Gia refuses the task because accountability makes her itchy

Meanwhile, Gia had her own Feedback Week assignment: sit down with Danny and discuss relationship observations.
Instead, she simply refused to do it.
Gia decided she didn’t want to participate in the task at all. It’s is a remarkable strategy considering the entire premise of the show is literally relationship exercises and confrontation. She was meant to partner with Danny to get and give feedback. But she was not interested. She doesn’t like accountability. On any level.
Danny was told, after he waited a while, that nobody was coming. Once they told him it was Gia who was meant to be coming, he understood straight away why.
Danny was blunt about what he thought was happening.
He suggested the real reason Gia bailed was because she didn’t want to be confronted with her lies. Particularly the long-running dispute where she insists Danny once said she was his “type”, something he has repeatedly denied.
And that’s the problem with Gia’s approach to conflict. Constructive criticism isn’t processed, reflected on or debated. It’s treated as a personal attack that must be avoided, deflected or shut down entirely.
When a conversation threatens to expose a contradiction in her narrative, the easiest option is simply not to have the conversation.
Which, for someone on a show built around difficult conversations, is not ideal.
Scott is starting to realises life with Gia might be exhausting

Back in the apartment, Scott learned that Gia had refused to do the exercise entirely. And he looked genuinely surprised.

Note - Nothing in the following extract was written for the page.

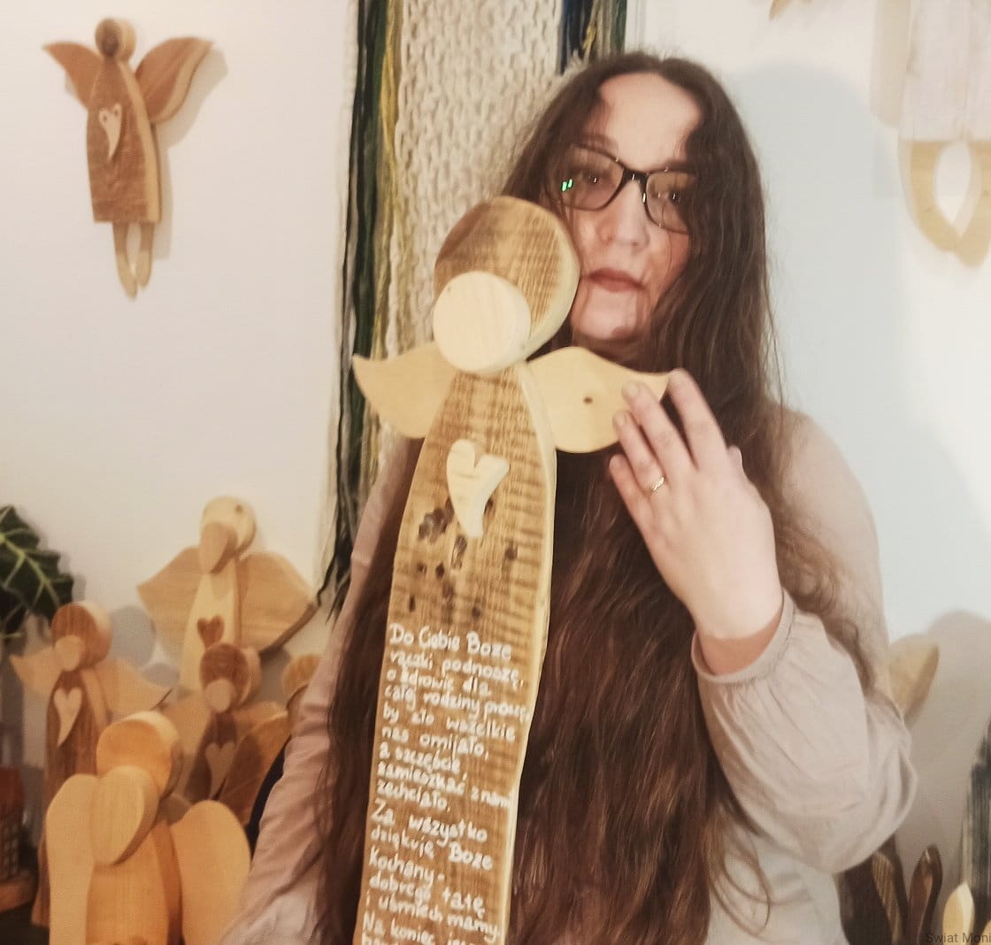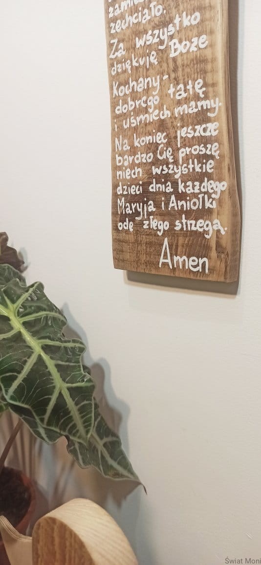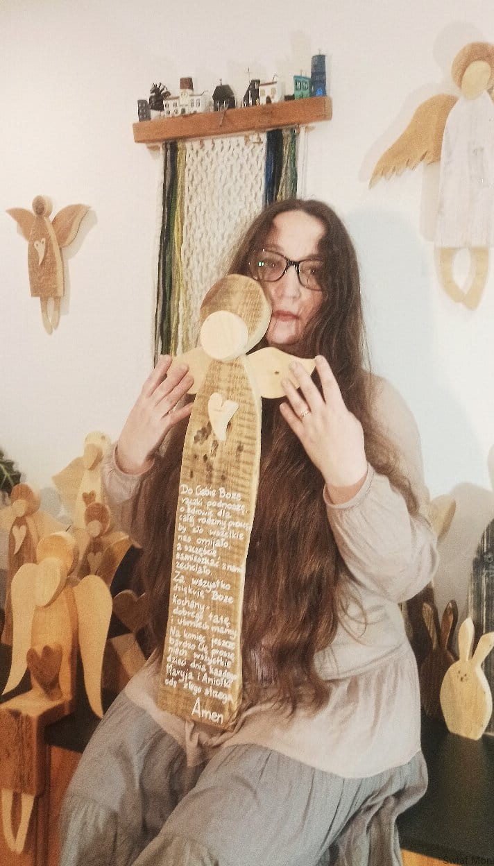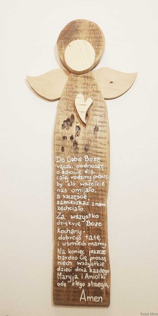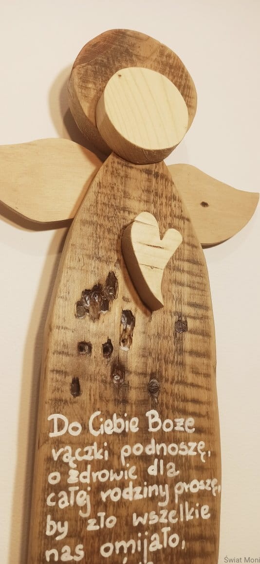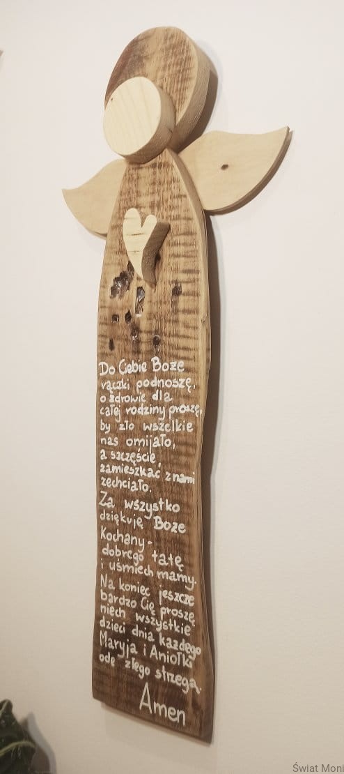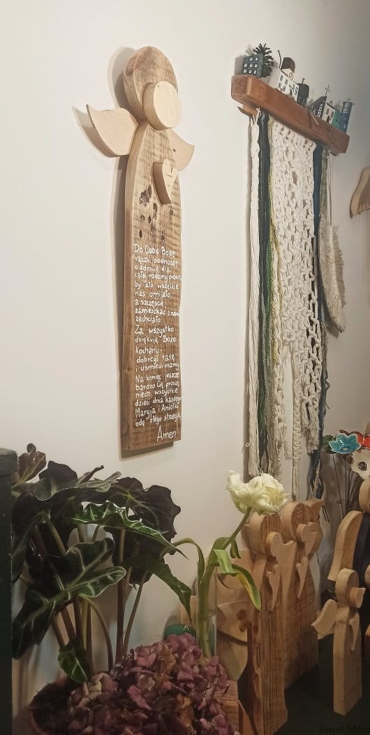 Wykonany na specjalne zamówienie, Anioł Nadzieja - gigant z modlitwa. Można go powieści na ścianie, a otoczy nas opieką. Może stać na komodzie i nas kochać tak po prostu, bo ma wspaniałe serce pełne dobroci. Wysokość Anioła to 67cm. Jeśli chcesz , by podobny Anioł poleciał do Twojego domu - napisz do mnie wiadomość. Treść modlitwy taka sama lub inna, wzór Anioła również można wybrać. Anioł z modlitwą to doskonały prezent na Chrzest, Komunie, Bierzmowanie, roczek czy Ślub - dobierzemy wtedy odpowiednia modlitwę i dedykację.

He didn’t attack her over it, but there was a clear shift in his tone. The more Gia tried to justify her decision, the less convincing it sounded.

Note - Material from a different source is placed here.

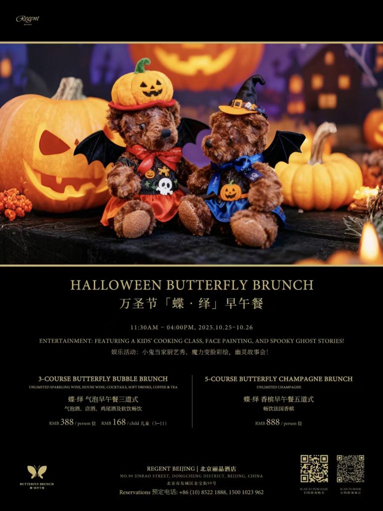 Celebrate Halloween in style at Regent Beijing’s Butterfly Brunch! Enjoy a three-course Bubble Brunch (RMB 388/person, RMB 168/child) or a five-course Champagne Brunch (RMB 888/person) with unlimited drinks. Fun for all ages, with a kids’ cooking class, face painting and ghost stories!
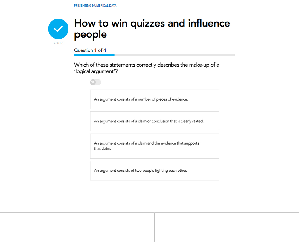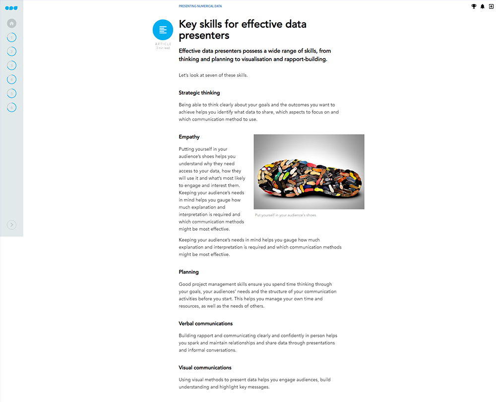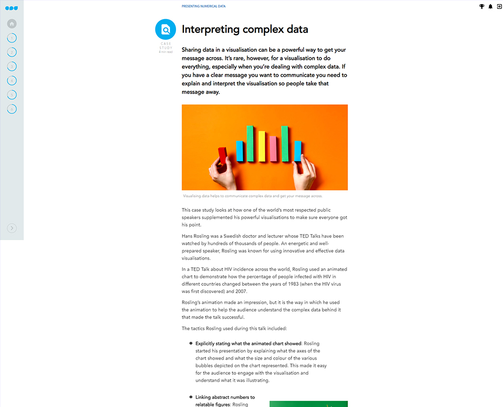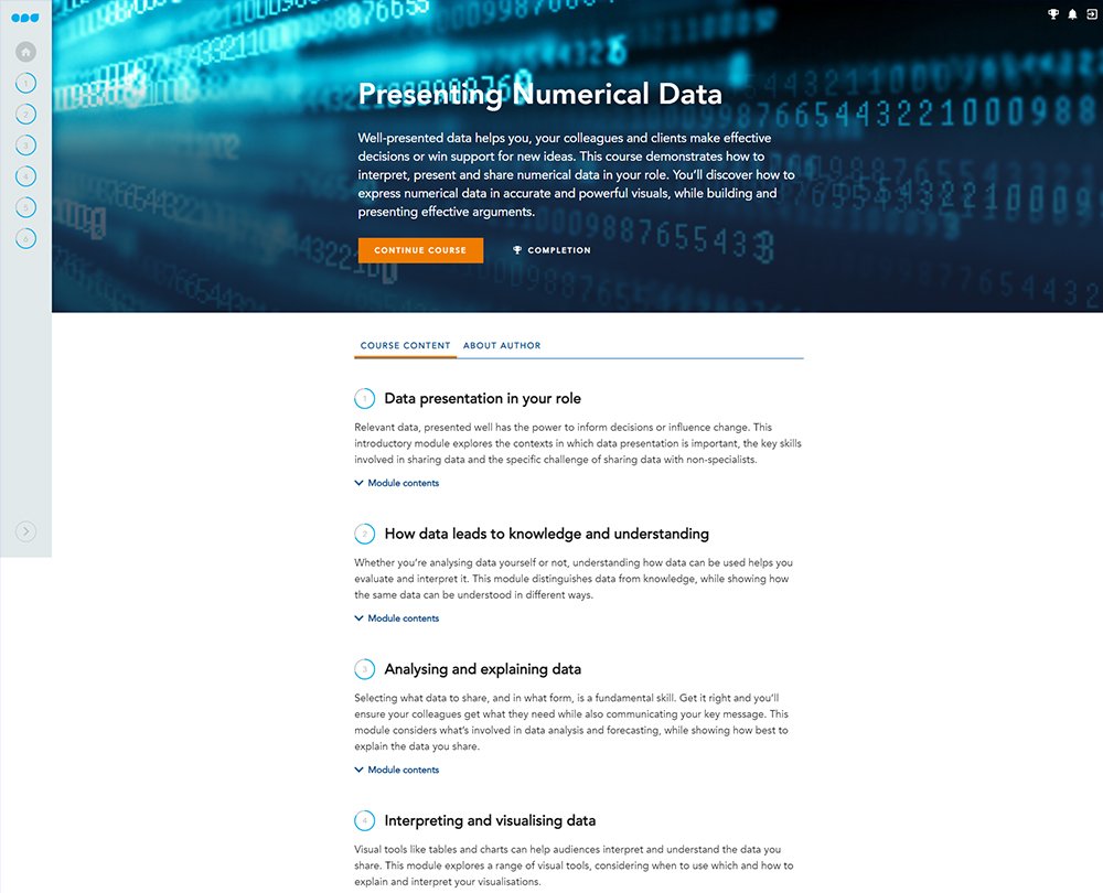 This course demonstrates how best to share and present numerical data to support your individual and organisational goals. You’ll explore how effective use of different types of data can enable informed business decisions and win support for ideas while considering your audience and the wider context. You’ll also discover the importance of analysing data, how to express numerical data through visuals, and how to share your data for persuasion and influence.

What stood out most was Scott admitting that he sometimes hesitates to bring up concerns because he’s worried Gia will blow up.

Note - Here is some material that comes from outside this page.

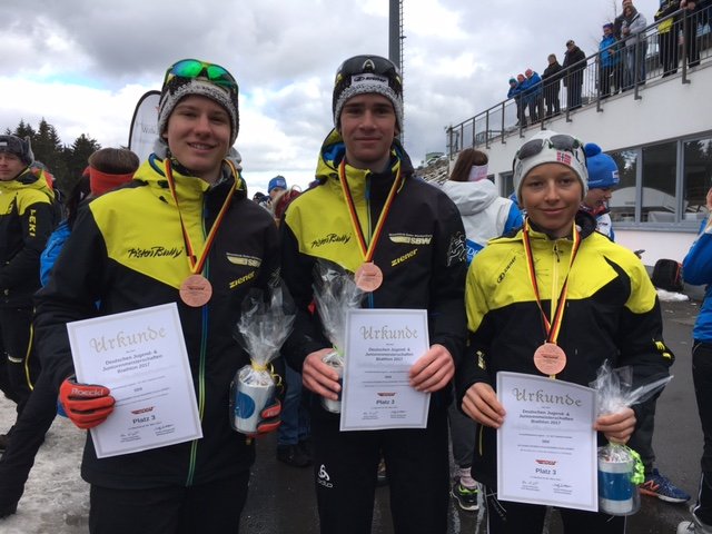 Durch das anhaltende Tauwetter hatten sich die Bedingungen am Sontag nochmals verschlechtert und die Athleten hatten in den Staffelrennen in der Spur eine regelrechte Wasserschlacht zu schlagen. Bei wieder nur noch 3 Grad Lufttemperatur war jeder glücklich, dass es zumindest von oben trocken blieb. Durch die guten Leistungen in Einzel und Sprint schaffte es Florian gemeinsam mit Christian Krasmann (SC Schönwald, Skiinternat Furtwangen) und Florian Lipowitz (DAV Ulm, Schigymnasium Stams/Österreich) in die Staffel Baden-Württemberg I. Christian (liegend fehlerfrei, 2 Strafrunden stehend) übergab an Position zwei auf Florian, der sich mit den Athleten aus Bayern I und III sowie Thüringen I gemeinsam auf die Strecke machte. Liegend stand bei allen vier Führenden die Null (Florian ohne Nachlader), auf der Strecke konnte sich Thüringen leicht absetzen. Nach dem Stehendanschlag musste der Baden-Württemberger leider einmal in die Strafrunde. An Position vier übergab der 15jährige mit knappem Rückstand an seinen Teamkollegen Lipowitz. Der 16jährige, einer der allerschnellsten in der Loipe, kam nach fehlerfreiem Liegendschießen gemeinsam mit der Staffel Bayern I zum letzten Schießen. Leider musste er nach 2 Strafrunden seine Kontrahenten aus Thüringen und Bayern ziehen lassen. Bayern I gewann am Ende knapp vor Thüringen I und Baden-Württemberg I.

That’s rarely a good sign in a relationship. When one partner starts censoring themselves to avoid conflict, the dynamic quickly becomes unbalanced.
Instead of honest communication, you end up with quiet resentment and tiptoeing.
And Scott looked like he was beginning to realise that.
Feedback week proves some people came for drama, not growth
By the end of episode 26, Feedback Week had exposed something viewers have been suspecting for a while.
Some couples are genuinely trying to learn about themselves and their relationships.
Others are here to win arguments, rewrite history and torch each other in group chats.
Between Bec’s nuclear text meltdown, Gia’s refusal to take part in the experiment she signed up for and Scott realising communication with his partner might require a safety helmet, this episode felt less like relationship therapy and more like watching emotional maturity fight for its life.
And judging by the previews, the next dinner party is about to detonate.